WORK TO BE COMPLETED: Give back the full listing as written. No pictures go with it.

INFORMATION:

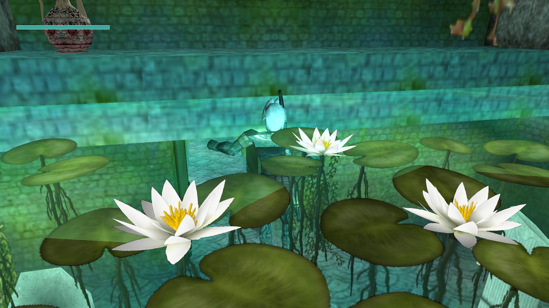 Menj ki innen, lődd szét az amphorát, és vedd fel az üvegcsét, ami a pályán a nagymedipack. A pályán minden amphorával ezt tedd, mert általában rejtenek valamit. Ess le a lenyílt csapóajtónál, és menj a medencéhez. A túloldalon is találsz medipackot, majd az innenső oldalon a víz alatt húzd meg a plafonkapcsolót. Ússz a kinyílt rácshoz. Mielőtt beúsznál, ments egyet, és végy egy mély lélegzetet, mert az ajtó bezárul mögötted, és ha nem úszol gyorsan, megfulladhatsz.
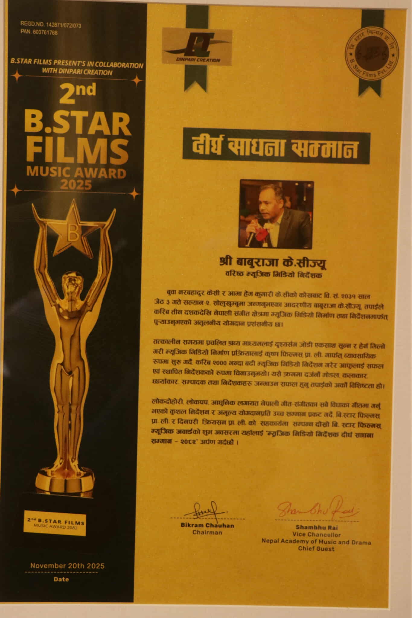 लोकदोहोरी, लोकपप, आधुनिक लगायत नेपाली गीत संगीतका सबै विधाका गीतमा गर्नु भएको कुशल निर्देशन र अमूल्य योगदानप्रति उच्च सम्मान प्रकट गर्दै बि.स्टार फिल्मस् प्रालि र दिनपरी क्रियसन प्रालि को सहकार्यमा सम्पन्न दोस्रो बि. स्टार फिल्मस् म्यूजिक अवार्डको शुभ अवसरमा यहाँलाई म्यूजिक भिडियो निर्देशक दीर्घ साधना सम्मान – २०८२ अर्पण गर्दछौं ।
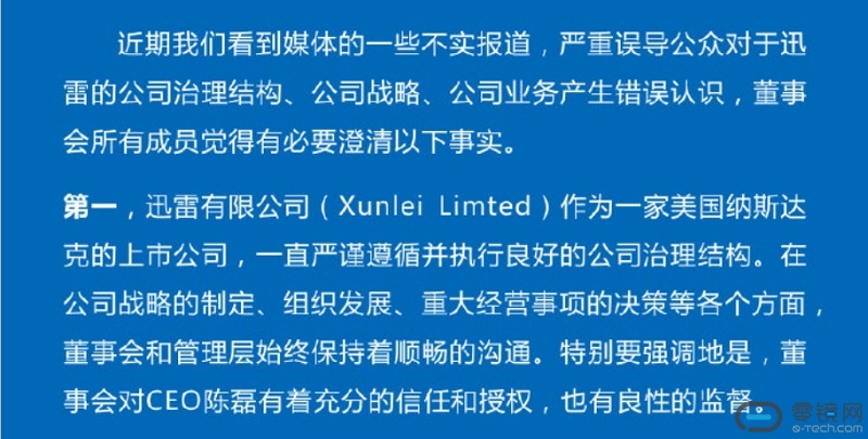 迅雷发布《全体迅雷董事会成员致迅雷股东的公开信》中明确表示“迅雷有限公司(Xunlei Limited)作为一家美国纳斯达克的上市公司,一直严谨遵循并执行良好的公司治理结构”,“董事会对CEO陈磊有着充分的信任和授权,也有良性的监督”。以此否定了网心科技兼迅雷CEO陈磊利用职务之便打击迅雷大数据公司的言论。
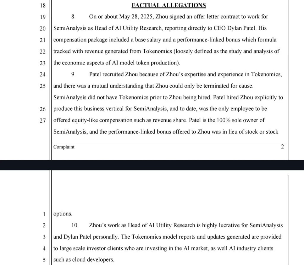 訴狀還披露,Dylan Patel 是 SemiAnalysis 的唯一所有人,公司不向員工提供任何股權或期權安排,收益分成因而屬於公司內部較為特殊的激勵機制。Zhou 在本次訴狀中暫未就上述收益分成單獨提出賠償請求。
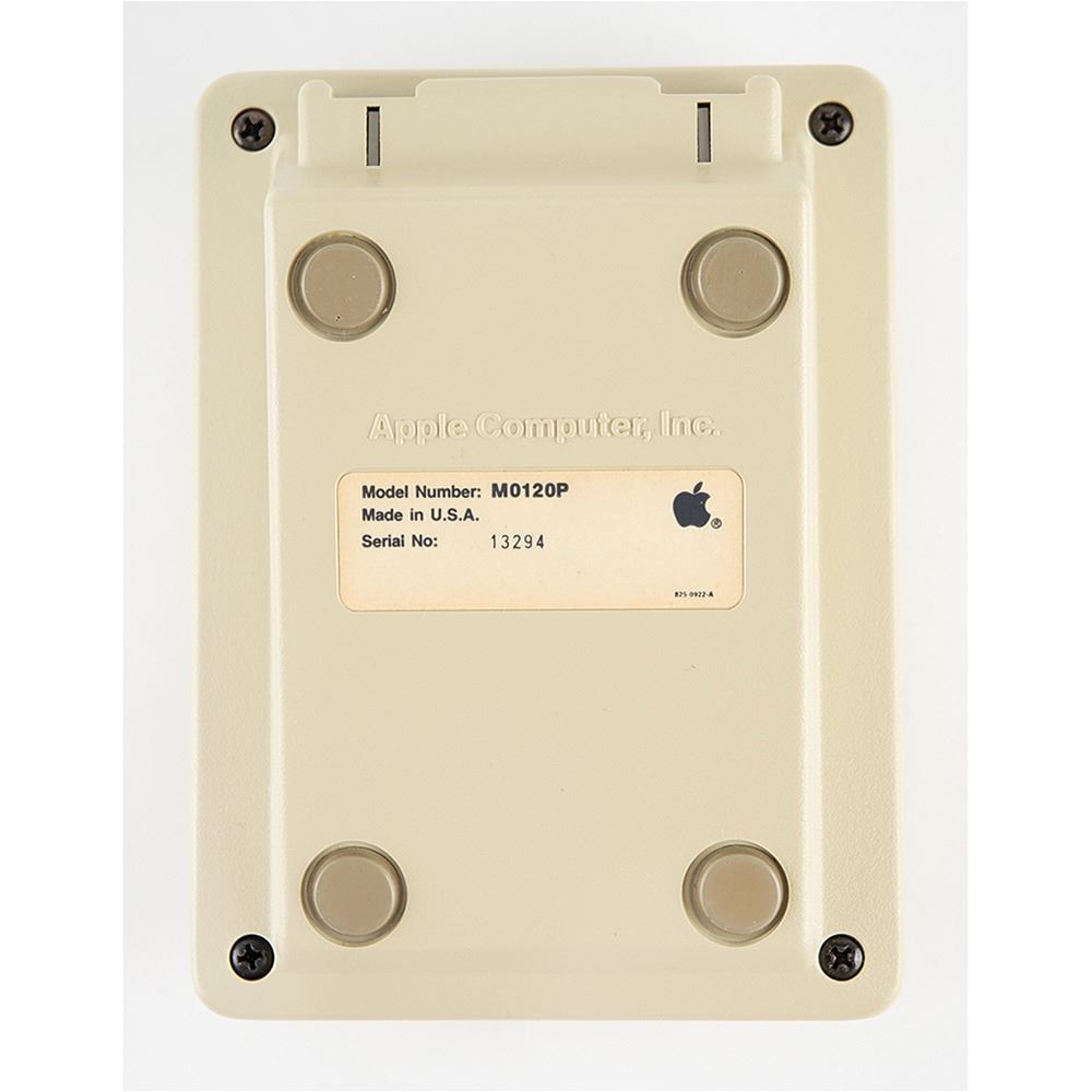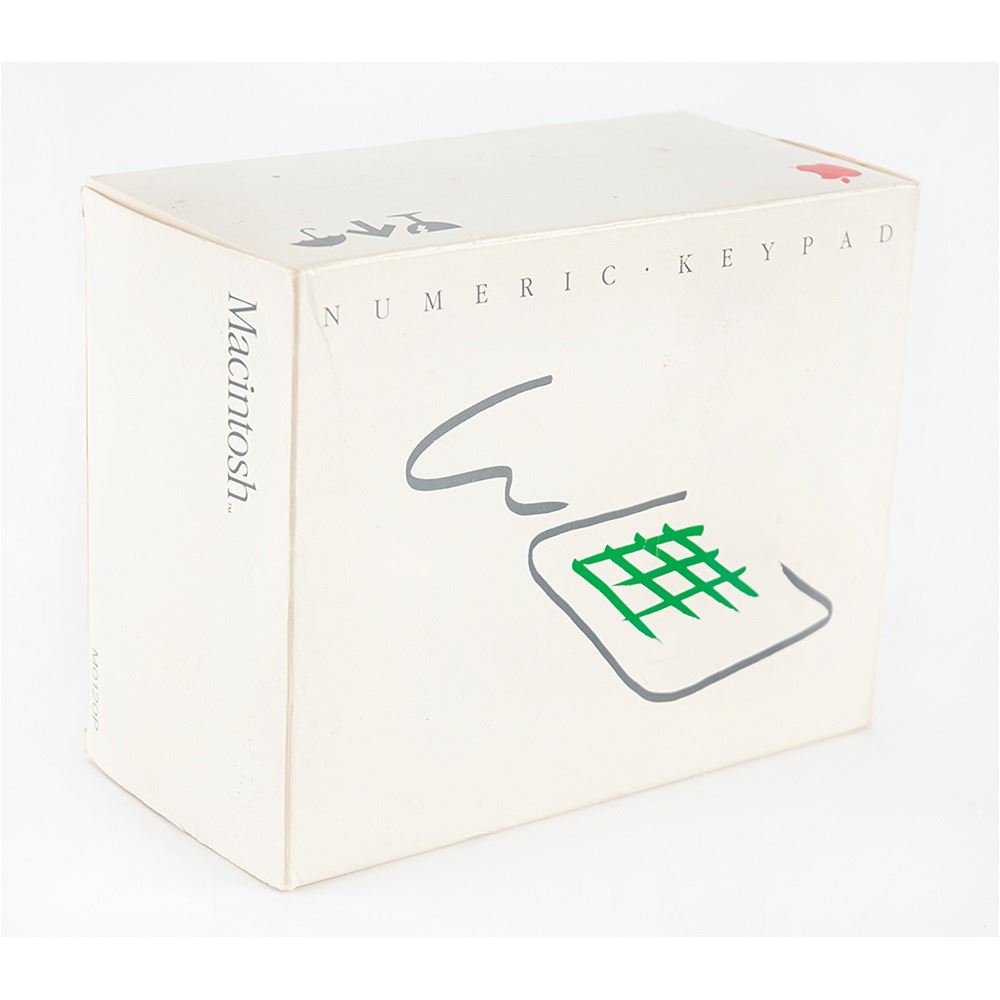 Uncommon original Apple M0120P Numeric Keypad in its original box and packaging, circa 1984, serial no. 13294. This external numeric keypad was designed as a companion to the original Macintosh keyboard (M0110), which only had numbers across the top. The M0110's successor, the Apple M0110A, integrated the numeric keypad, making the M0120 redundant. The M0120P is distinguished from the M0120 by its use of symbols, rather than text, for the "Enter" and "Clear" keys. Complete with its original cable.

SOLUTION FOR THIS TASK:
 Menj ki innen, lődd szét az amphorát, és vedd fel az üvegcsét, ami a pályán a nagymedipack. A pályán minden amphorával ezt tedd, mert általában rejtenek valamit. Ess le a lenyílt csapóajtónál, és menj a medencéhez. A túloldalon is találsz medipackot, majd az innenső oldalon a víz alatt húzd meg a plafonkapcsolót. Ússz a kinyílt rácshoz. Mielőtt beúsznál, ments egyet, és végy egy mély lélegzetet, mert az ajtó bezárul mögötted, és ha nem úszol gyorsan, megfulladhatsz.
 लोकदोहोरी, लोकपप, आधुनिक लगायत नेपाली गीत संगीतका सबै विधाका गीतमा गर्नु भएको कुशल निर्देशन र अमूल्य योगदानप्रति उच्च सम्मान प्रकट गर्दै बि.स्टार फिल्मस् प्रालि र दिनपरी क्रियसन प्रालि को सहकार्यमा सम्पन्न दोस्रो बि. स्टार फिल्मस् म्यूजिक अवार्डको शुभ अवसरमा यहाँलाई म्यूजिक भिडियो निर्देशक दीर्घ साधना सम्मान – २०८२ अर्पण गर्दछौं ।
 迅雷发布《全体迅雷董事会成员致迅雷股东的公开信》中明确表示“迅雷有限公司(Xunlei Limited)作为一家美国纳斯达克的上市公司,一直严谨遵循并执行良好的公司治理结构”,“董事会对CEO陈磊有着充分的信任和授权,也有良性的监督”。以此否定了网心科技兼迅雷CEO陈磊利用职务之便打击迅雷大数据公司的言论。
 訴狀還披露,Dylan Patel 是 SemiAnalysis 的唯一所有人,公司不向員工提供任何股權或期權安排,收益分成因而屬於公司內部較為特殊的激勵機制。Zhou 在本次訴狀中暫未就上述收益分成單獨提出賠償請求。
 Uncommon original Apple M0120P Numeric Keypad in its original box and packaging, circa 1984, serial no. 13294. This external numeric keypad was designed as a companion to the original Macintosh keyboard (M0110), which only had numbers across the top. The M0110's successor, the Apple M0110A, integrated the numeric keypad, making the M0120 redundant. The M0120P is distinguished from the M0120 by its use of symbols, rather than text, for the "Enter" and "Clear" keys. Complete with its original cable.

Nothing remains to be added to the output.